Next, we tested the hypothesis whether peoples’ preference for a female and male voice in supporting takeover requests in highly automated driving was different between English and non-English speaking countries. Figure 9 presents a scatter plot, showing the numbers of respondents per country who indicated that they would like to receive a female or a male voice. The overall percentage of respondents who expressed preference for a female voice was 43% (514/1,205), and the overall percentage of people who expressed preference for a male voice was 20% (244/1,205). The corresponding percentages were 42% (71/168) and 22% (37/168) for English speaking countries, and they were 43% (443/1,037) and 20% (207/1,037) for non-English speaking countries. The differences between English speaking countries and non-English speaking countries were not statistically significant (female voice: RR = 0.99, 95% CI [0.82–1.20]; male voice: RR = 1.10, 95% CI [0.81–1.50]).

Numbers of respondents from English and non-English speaking countries who indicated a preference for a male and a female voice for a takeover request during highly automated driving (Q27).

Figure 9: Numbers of respondents from English and non-English speaking countries who indicated a preference for a male and a female voice for a takeover request during highly automated driving (Q27).

The dashed line represents the ratio between the number of respondents who preferred a female voice and the number of respondents who preferred a male voice. The solid line is the line of unity. No labels are shown for countries with five or less respondents indicating a male voice, to support the clarity of the figure. Country abbreviations are listed according to ISO 3166-1 alpha-3.

Analyses of textual comments

The respondents provided their feedback on the disadvantages of the PA in Q17. The responses that were less than five characters long (N = 181) or that were not written in English (N = 39) were ignored.

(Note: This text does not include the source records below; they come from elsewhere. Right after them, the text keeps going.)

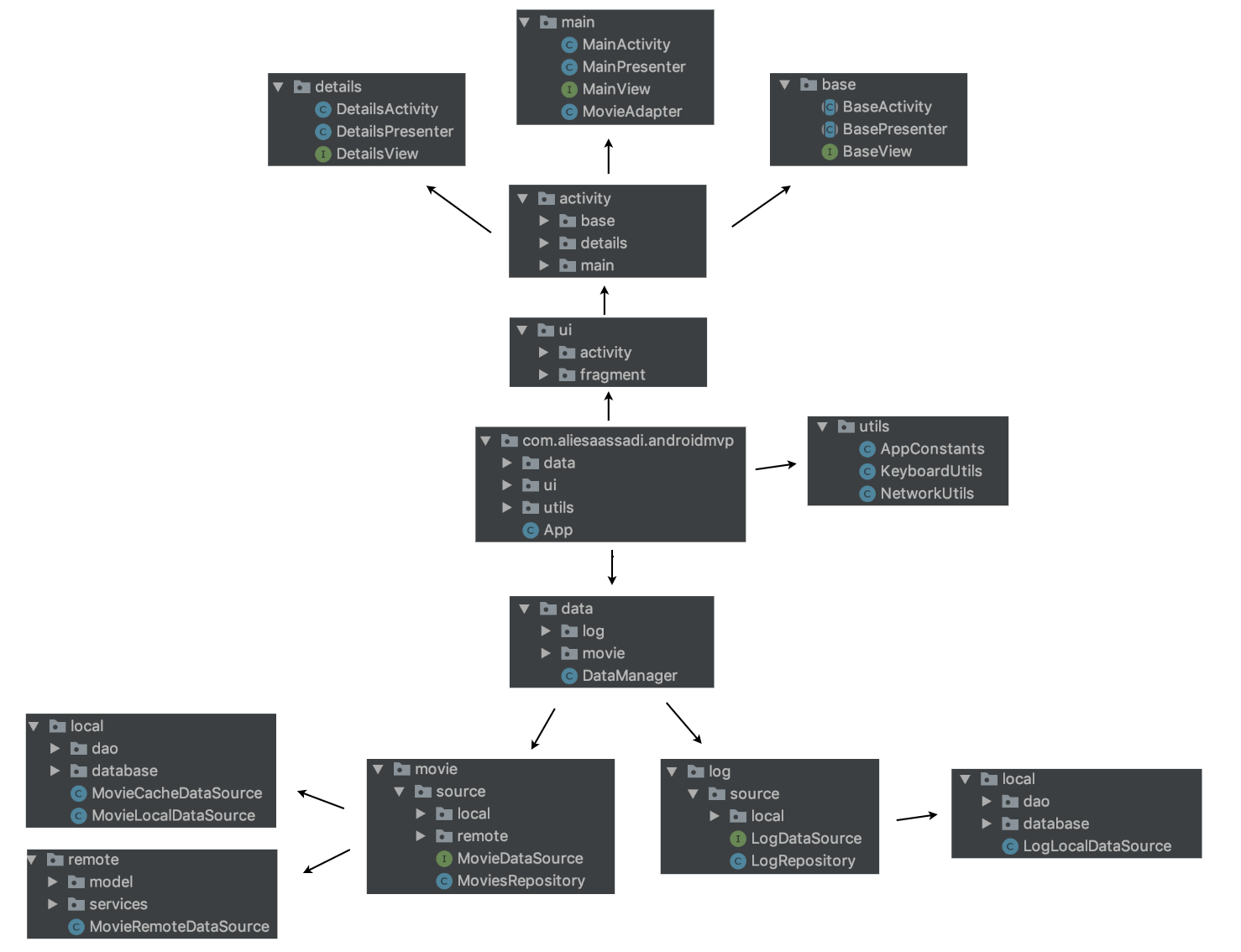 - ui: View classes along with their corresponding Presenters.
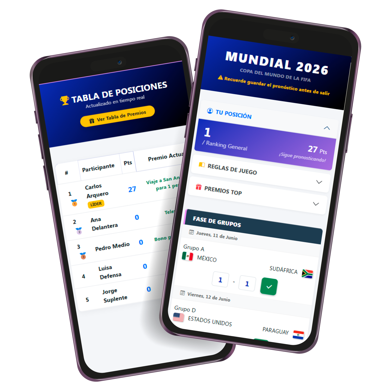 Consulta la tabla de posiciones actualizada automáticamente con cada resultado.
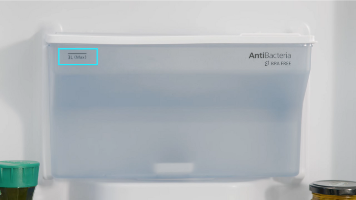 Bình chứa cho vòi lấy nước nằm ở cửa tủ có dung tích 3 lít
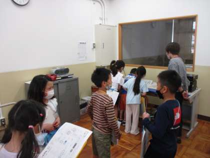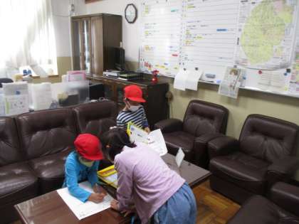 部屋に入る時と部屋を出る時に挨拶をすること,1年生が持っている地図に行った場所のシールを貼る手助けをすること,トイレに行きたくないか聞いてあげること,そして,行った部屋がどういうところなのか説明をすること,2年生はやることがいっぱいです。
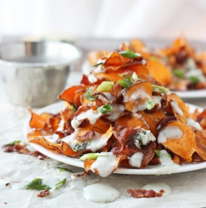 Baked Sweet Potato Chips with Blue Cheese Sauce, Bacon and Green Onion
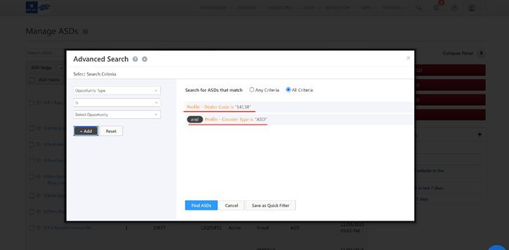 with counter type ASD(Stage = Active) > ASD’s list> Need to check
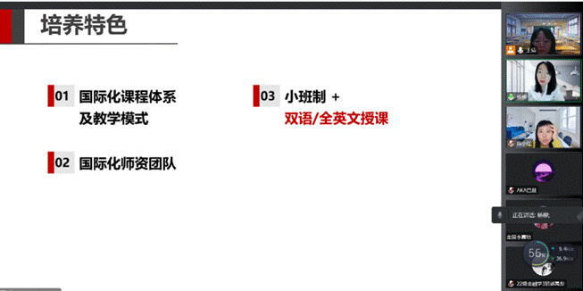 杨柳老师介绍了金融学国际化实验班的培养特色、目标、学分和课程设置、选拔条件和流程。杨柳指出,海角app 国际化实验班的培养特色为国际化课程体系及教学模式、小班制加双语或全英文授课、国际化师资团队、国际合作办学;培养目标为注重培养学生的知识、能力、素质,具备法治观念和诚信理念,掌握经济学和金融学专业的核心理论,胜任银行、证券、投资等行业的业务需要及科研机构的研究需要,具备创新创业能力和团队合作能力。此外,杨柳老师逐一详细解答了同学们关于海角app 国际化实验班的培养方案、双语课程学习方法、留学指导和雅思培训等方面的相关问题。
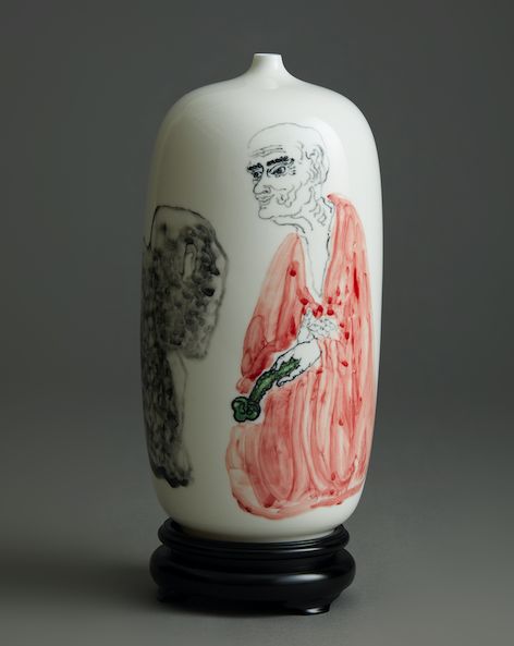 “禅悦”手绘白瓷梅瓶
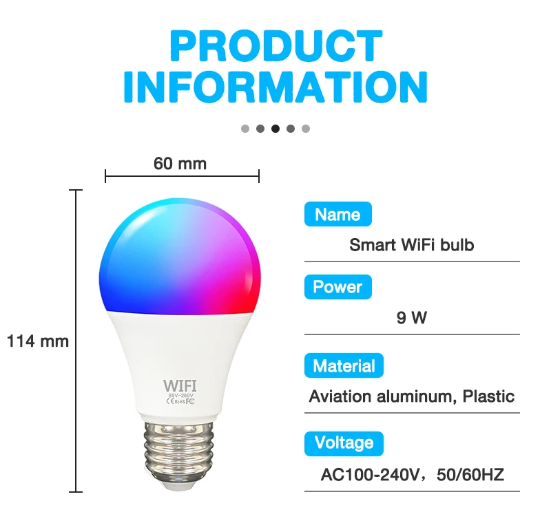 Умная лампа E27 B22 9WRGBCW с Wi-Fi и голосовым управлением
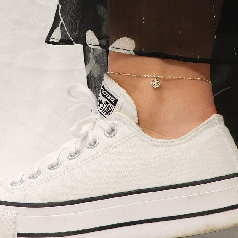 Les beaux jours sont là ? Laissez-vous tenter par cette jolie chaîne de cheville en plaqué or. Sa chaîne est en maille forçat et mesure 25 cm de longueur dont 2 cm sont en chaînette afin de s'adapter au mieux à votre cheville. Sur cette dernière se trouve une petite pampille en forme de feuille de palmier. Un indispensable de l'été !
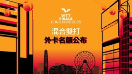 WTT香港總決賽將於12月10日至14日在香港紅磡體育館舉行,匯聚本賽季表現最出色的選手,包括男、女子單打各 16 名球員,七對混雙組合以及一對外卡組合。王楚欽/孫穎莎以外卡身分加入混雙項目,讓本來已強手雲集的比賽更萬眾矚目。
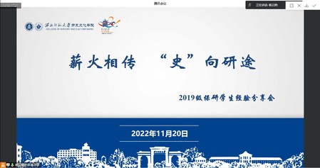 12月11日晚,学院举办“薪火相传,史向研途”——2019级保研学生经验分享会第二场,会议邀请今年成功保研的2019级历史学1班学生王黎晅、康耘著和2019级历史学4班(云亭班)学生杨云婷进行经验分享。学院辅导员付蓉、王泽斌、杨云婷,2020级、2021级、2022级共计300余本科生参加分享会。本次会议由杨云婷主持。
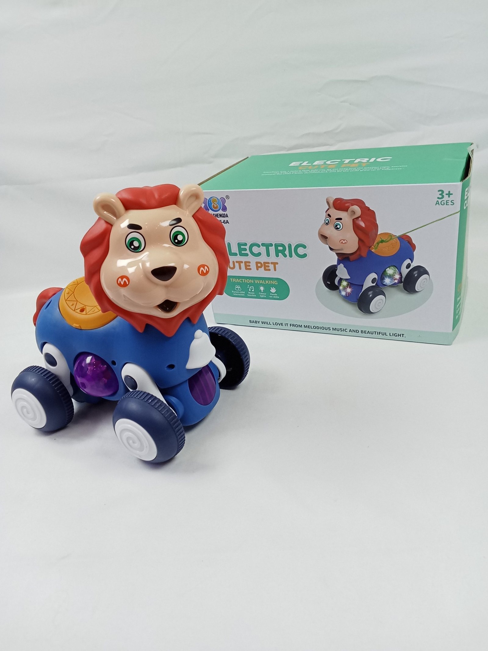 - لعبة جر للأطفال على شكل أسد: تجذب انتباه الأطفال بألوانها الزاهية والموسيقى المرحة.
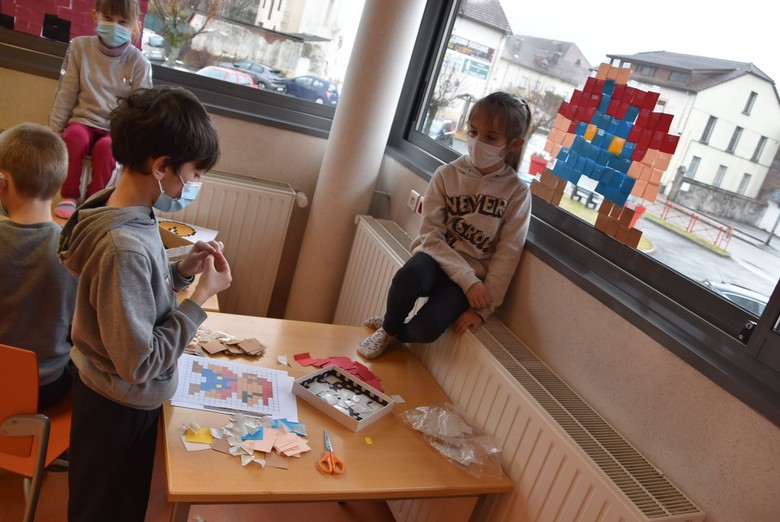 enfants étaient invités à venir décorer l’établissement avec des œuvres en
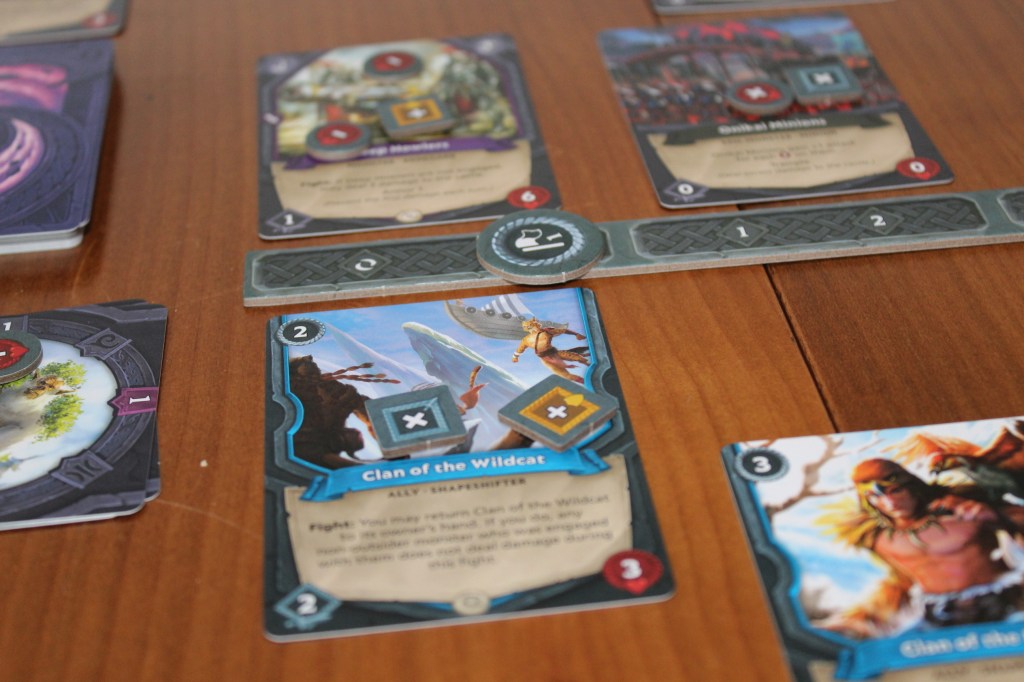 - Fase de alianza: cada jugador, alternándose, realiza una de las acciones disponibles: jugar carta, enfrentar minion, mover, descartar carta (en juego) o usar una habilidad de agotamiento de una carta.

Comments were processed before data filtering and were hence based on all 2,000 responses. 12.4% of the respondents (N = 151) provided negative feedback on the auditory interfaces in parking assistants. Many people (N = 135) indicated that PA systems were annoying, for example: “Sound should not be too loud and annoying” and “I think it could be annoying especially when your focusing”. Thirty-seven respondents pointed out that the PA used overly loud sounds. Several answers to the question contained comments that the PA sounds can be distracting (N = 21) and inaccurate (N = 48). Five respondents indicated that they would prefer feedback in other types of modalities, for example: “annoying, use something else instead of the constant loud beeping sounds” and “The sound, a voice message would be better”. Five respondents indicated that the PA systems cannot be used by deaf people.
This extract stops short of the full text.